Unbeknownst to Glen Stewart, when he went to pick up the vehicle in the Lynnwood parking lot in April 2011, law enforcement had infiltrated the smuggling ring, and the 106 kilos of cocaine inside the truck had been replaced with sham cocaine. Law enforcement watched as Stewart drove the load to his Custer home and unloaded it. Stewart was taken in for questioning and he told investigators he feared the Hells Angels criminal organization, who owned the cocaine. In fact, after the seizure of the cocaine, law enforcement intercepted calls by members of the criminal organization discussing the purchase of guns, bats and chemical sprays for Canadian members of the criminal ring who were traveling to Washington to confront Stewart over the seized cocaine. Law enforcement warned Stewart and his family. Stewart has remained in custody since his arrest in May 2011.

Two dozen people in the U.S. and Canada have been charged in the case. Six have already been sentenced to lengthy prison terms. Other defendants already sentenced in the case include: Jacob Saul Stuart, the U.S. based leader of the organization, was sentenced last month to 15 years in prison; Michael Murphy, a pilot who transported drugs, 12 years in prison; Jacob Burdick, who stored and organized transportation of the drugs, 12 years in prison; John Washington, a drug distributor for the group, 11 years in prison; Mario Joseph Fenianos, a Canadian who obtained and smuggled cocaine for the organization, 13 years in prison; and Michael William Dubois, another Canadian working on the cocaine side of the smuggling was sentenced to ten years in prison.

Over the course of the investigation investigators seized more than $2 million and 136 kilograms of cocaine. On April 28, 2011, the day search warrants were executed, investigators seized more than 1,000 kilograms of marijuana from locations across the country.
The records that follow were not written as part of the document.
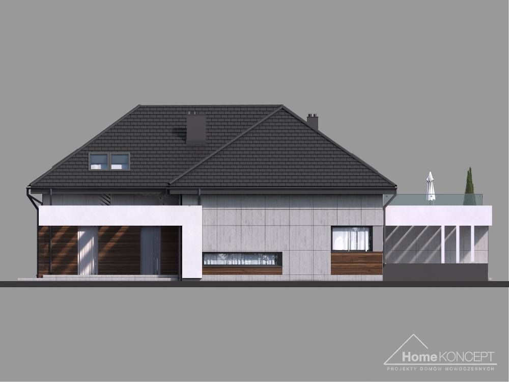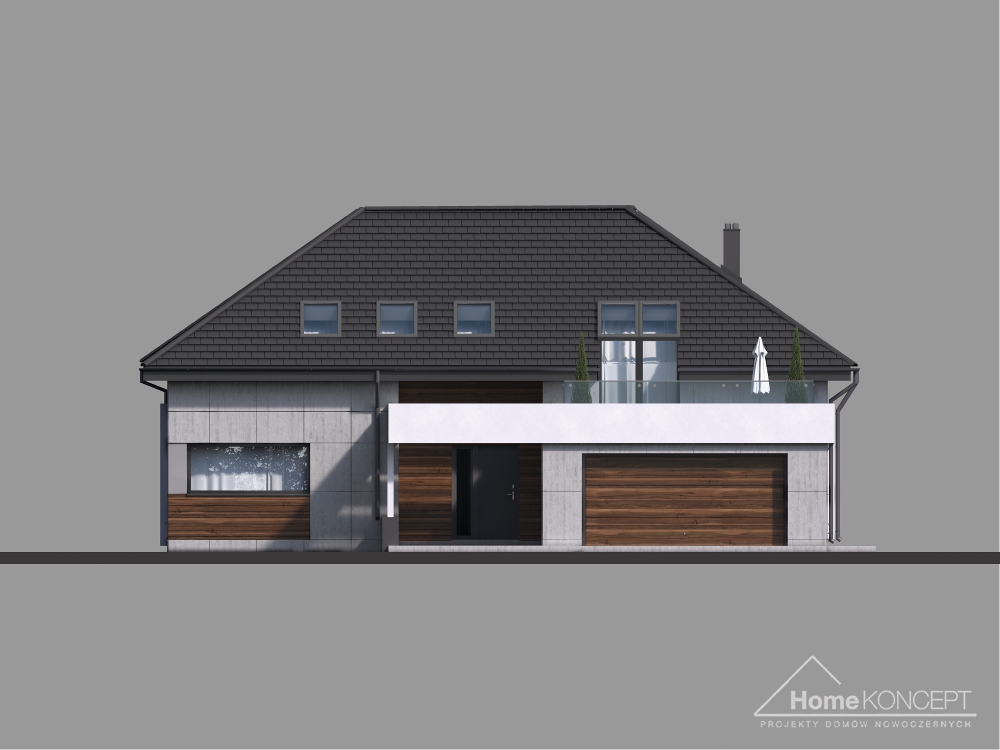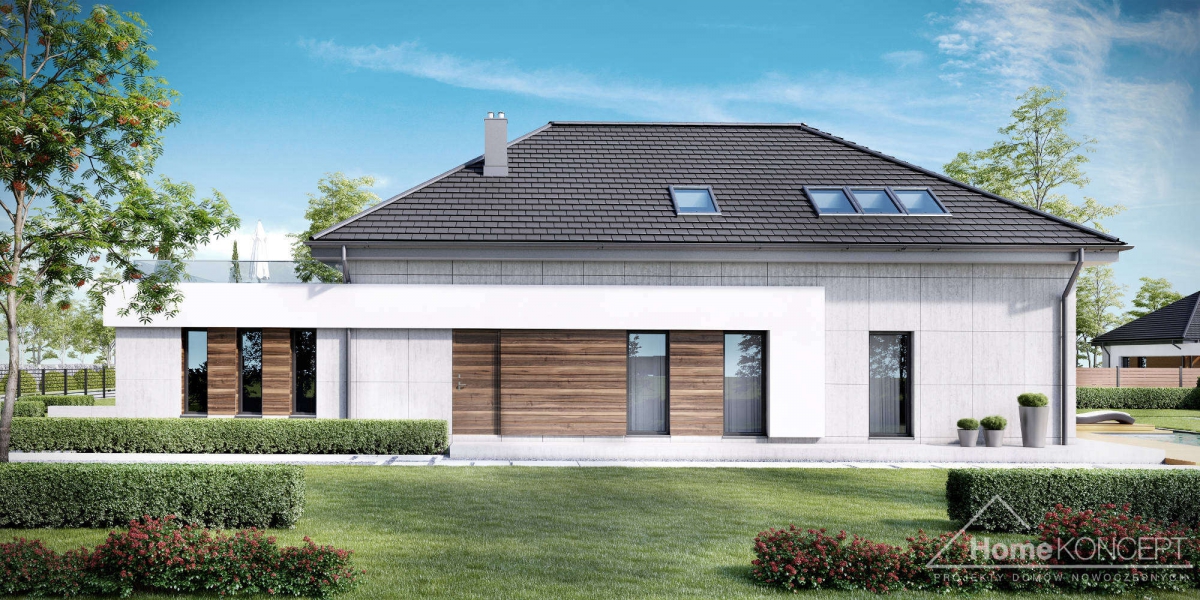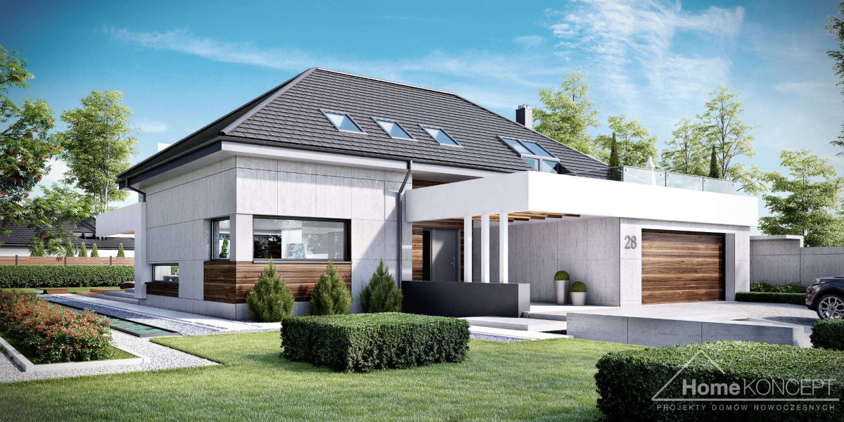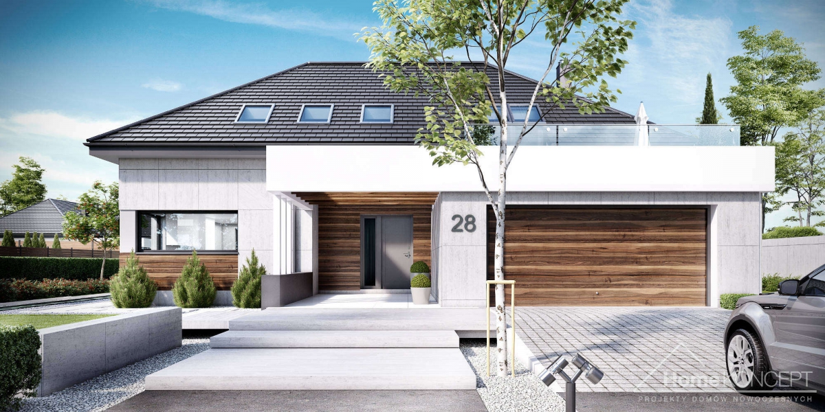 HomeKoncept 28 jest rozbudowaną wersją domu HomeKoncept 26, w którym zaadoptowano poddasze. Podobnie jak w pierwowzorze – uwagę przyciąga niezwykle ciekawy taras, elegancka elewacja domu wykonana z płyt betonowych połączonych z szlachetnym drewnem oraz białe belkowania wokół domu. Od frontu domu nie sposób nie zwrócić uwagi na reprezentacyjne wejście, delikatnie schowane pod drewnianym belkowaniem.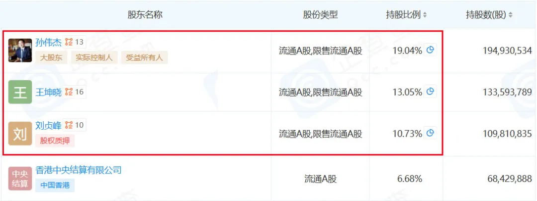 合作28年,三人仍为一致行动人,共同控制杰瑞股份,分别持有19.04%、13.05%、10.73%股权。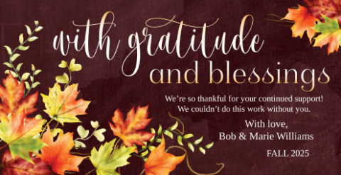 Share with your supporters how thankful you are for them by sending one of Chalk Line's 4" x 8" Seasonal Fall Cards.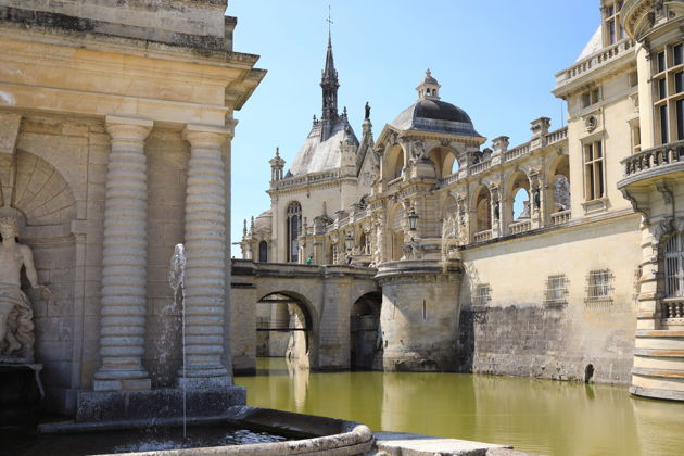 Здесь вас ждут шикарные апартаменты принцев Конде с изысканным интерьером, галерея живописи, уступающая по масштабам лишь Лувру, богатая библиотека с редкими рукописями, а также просторный парк с зеркальными прудами, каналом и знаменитые конюшни.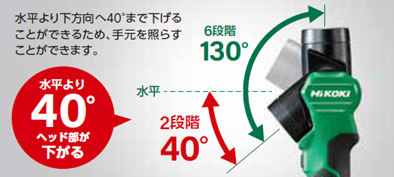 水平より下方向へ40℃まで下げることができるため、手元を照らすことができます。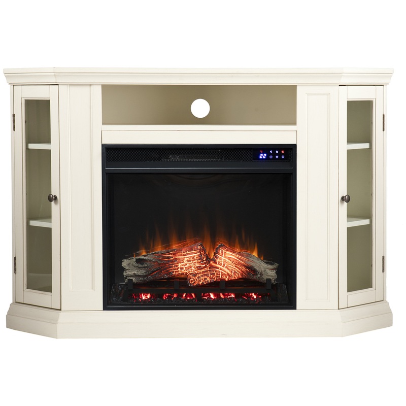 For entertainment enthusiasts, this ivory-finished fireplace tops the charts. Triangular media cabinets on either side of the firebox provide plenty of space for your favorite media selections, while the media shelf above offers convenient cord access. Realistic flames and embers keep your design feeling cozy all year long, with or without heat. For a traditional look with modern conveniences, add this fireplace curio to your living room or dining room look.

This was an Organized Crime and Drug Enforcement Task (OCDETF) investigation, providing supplemental federal funding to the federal and state agencies involved. The case was investigated by DEA Offices - Seattle, Chicago, Las Vegas, Fresno, Los Angeles and New Jersey; HSI - Seattle and Sacramento; Customs and Border Protection - Office of Air & Marine; King County Sheriff’s Department; Seattle Police Department; Washington State Patrol; Snohomish Regional Drug Task Force; and the Bureau of Narcotics (California).